# Activity
Reproduce exactly, and only, the lines of the material below running from the line bearing "The second gimbap" through the line bearing "协同过滤算法除了捕捉用户潜在". Leave any pictures out.

# Provided material
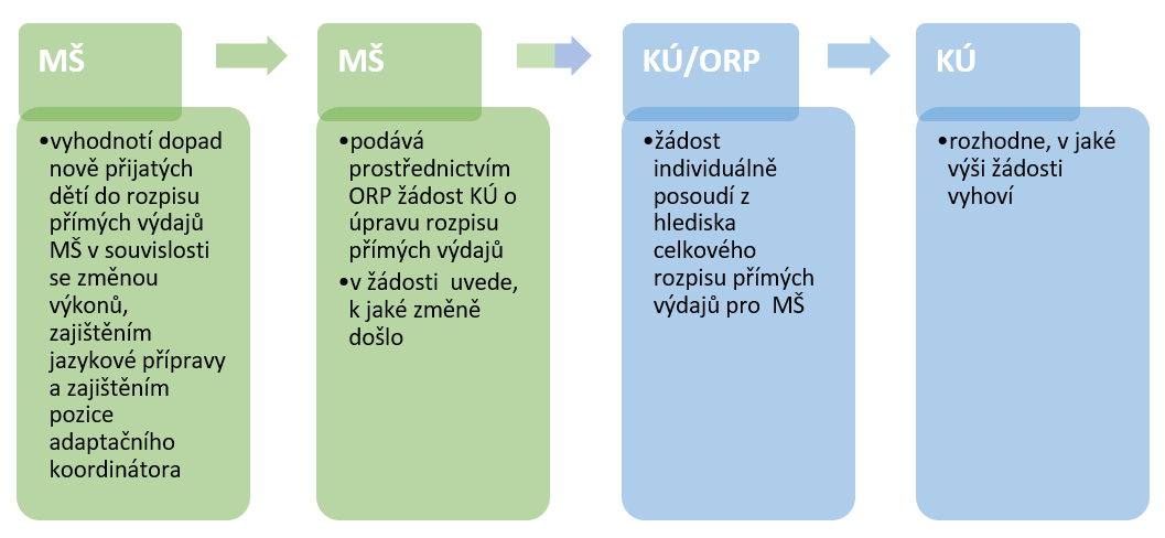 Pokud mateřská škola v souvislosti s přijetím většího počtu dětí potřebuje řešit úpravu rozpisu přímých výdajů, podává žádost příslušnému krajskému úřadu. Mateřská škola zřízená obcí nebo dobrovolným svazkem obcí podává žádost prostřednictvím místně příslušné ORP. Zpravidla se jedná o vznik nové třídy, ale může se jednat také o zabezpečení jazykové přípravy dětí nebo o případné zohlednění výše prostředků na ostatní neinvestiční výdaje (ONIV). V žádosti škola uvede zejména,
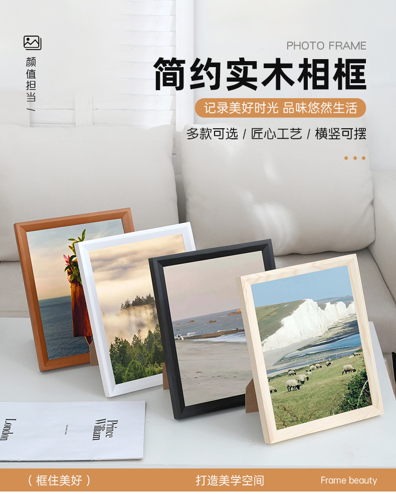 재고 나무 그림 프레임 7 인치 세트 테이블 A4 단단한 나무 사진 프레임 벽 매달려 나무 간단한 사진 앨범 사진 프레임 솔리드 우드스토어 가기
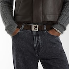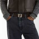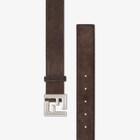 Gürtel mit schmaler Squared FF-Schnalle. Hergestellt aus Wildleder in Dunkelbraun. Innenseite aus Leder in Hellbraun. Beschläge aus Metall mit Finish in satinierter Silber-Optik.
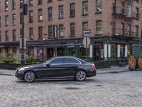 the mercedes cla sits on the side of a cobblestone street in the city
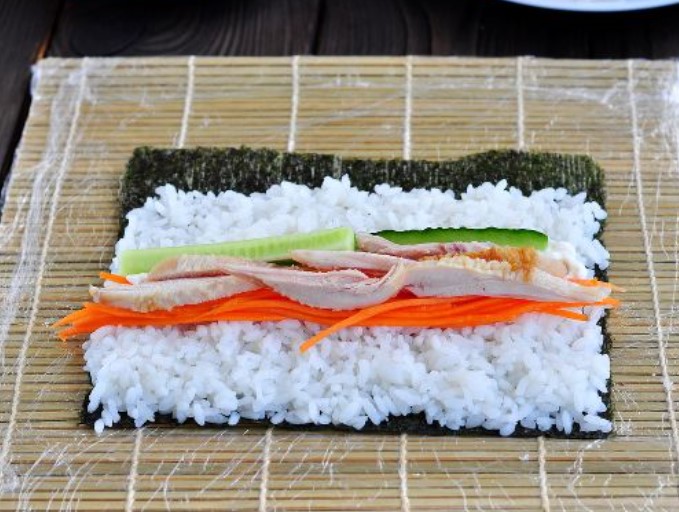 The second gimbap is prepared with baked chicken, pickled carrots, scrambled eggs and cucumber.
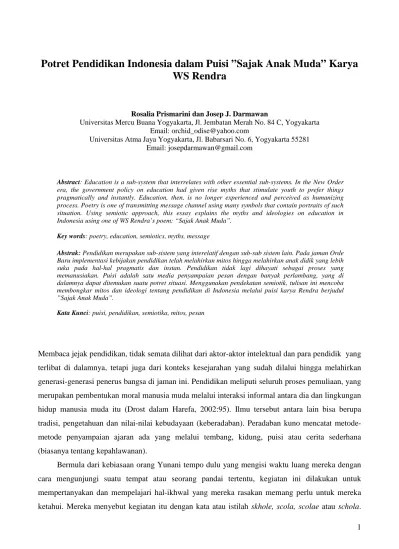 Membongkar mitos dan ideologi tentang pendidikan di indonesia melalui puisi karya rendra berjudul.
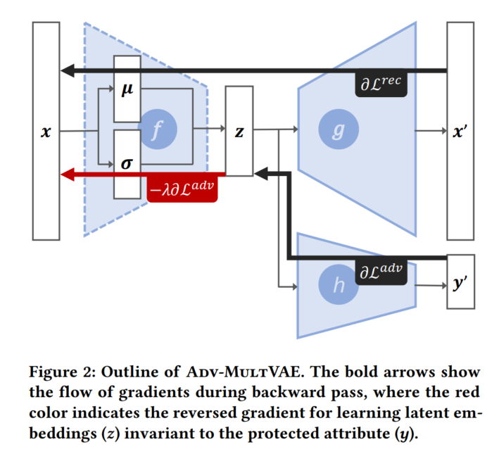 协同过滤算法除了捕捉用户潜在的消费模式外,还会学习用户特定的人口统计学特征或受保护信息等特征,如性别、种族和地理位置位置。这些偏见(Bias)信息会进一步影响推荐系统(RS)的决策,使得推荐算法会提供给不同用户子群的内容进一步分离,这将引起对用户受保护属性泄露的隐私问题。通过观察下图,可以发现基本的推荐算法(MultVAE)存在性别上的偏差,使得攻击者可以很容易的识别这种模式并进行敏感属性的推测。
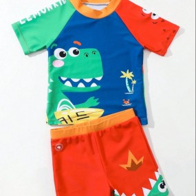 Young Boy Cartoon Dinosaur Print Beach Swimsuit
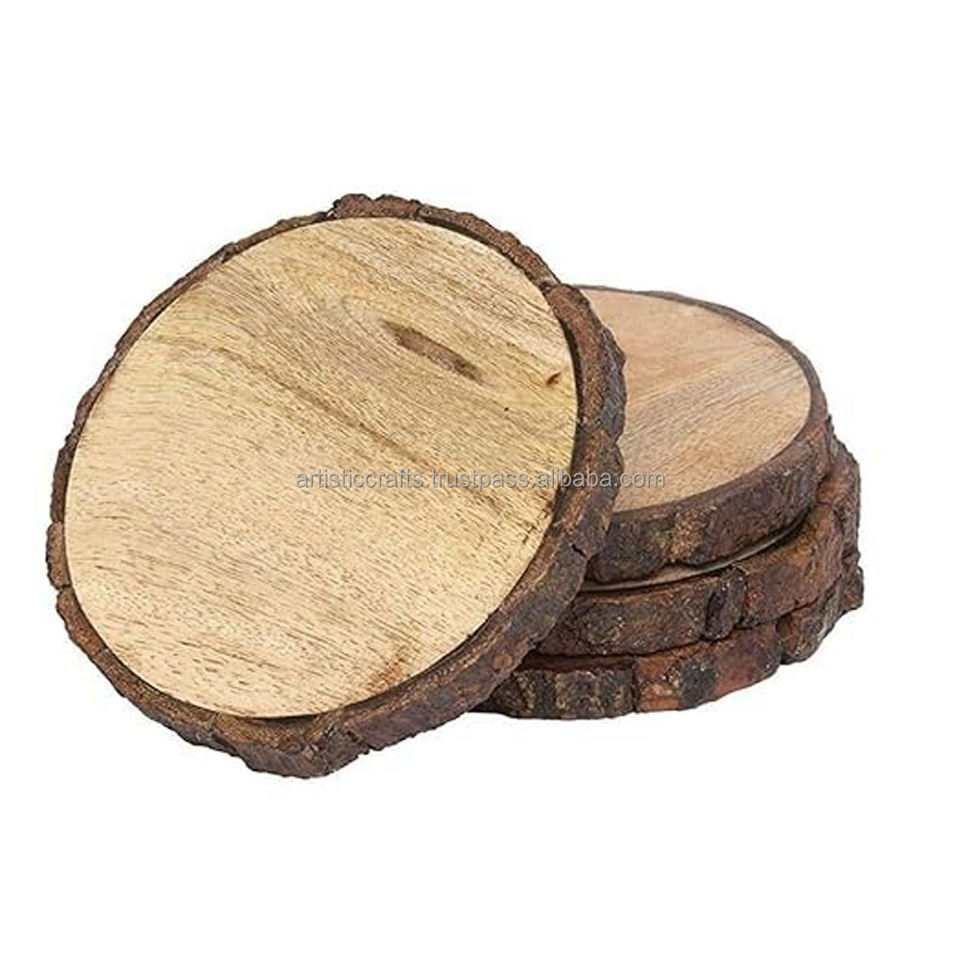 ที่รองแก้วทรงกลมเปลือกไม้มะม่วงธรรมชาติแผ่นไม้และแผ่นรองจานผลิตภัณฑ์จากธรรมชาติระดับพรีเมี่ยม
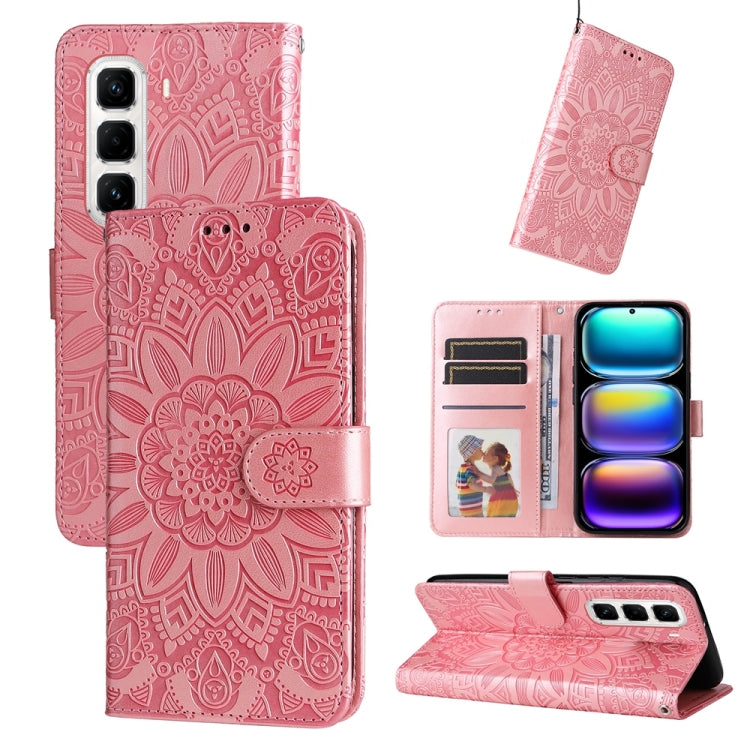 Funda de Cuero con Estampado de Girasoles en Relieve para Infinix Hot 50 Pro+ 4G (Rosa)

# Output
 The second gimbap is prepared with baked chicken, pickled carrots, scrambled eggs and cucumber.
 Membongkar mitos dan ideologi tentang pendidikan di indonesia melalui puisi karya rendra berjudul.
 协同过滤算法除了捕捉用户潜在的消费模式外,还会学习用户特定的人口统计学特征或受保护信息等特征,如性别、种族和地理位置位置。这些偏见(Bias)信息会进一步影响推荐系统(RS)的决策,使得推荐算法会提供给不同用户子群的内容进一步分离,这将引起对用户受保护属性泄露的隐私问题。通过观察下图,可以发现基本的推荐算法(MultVAE)存在性别上的偏差,使得攻击者可以很容易的识别这种模式并进行敏感属性的推测。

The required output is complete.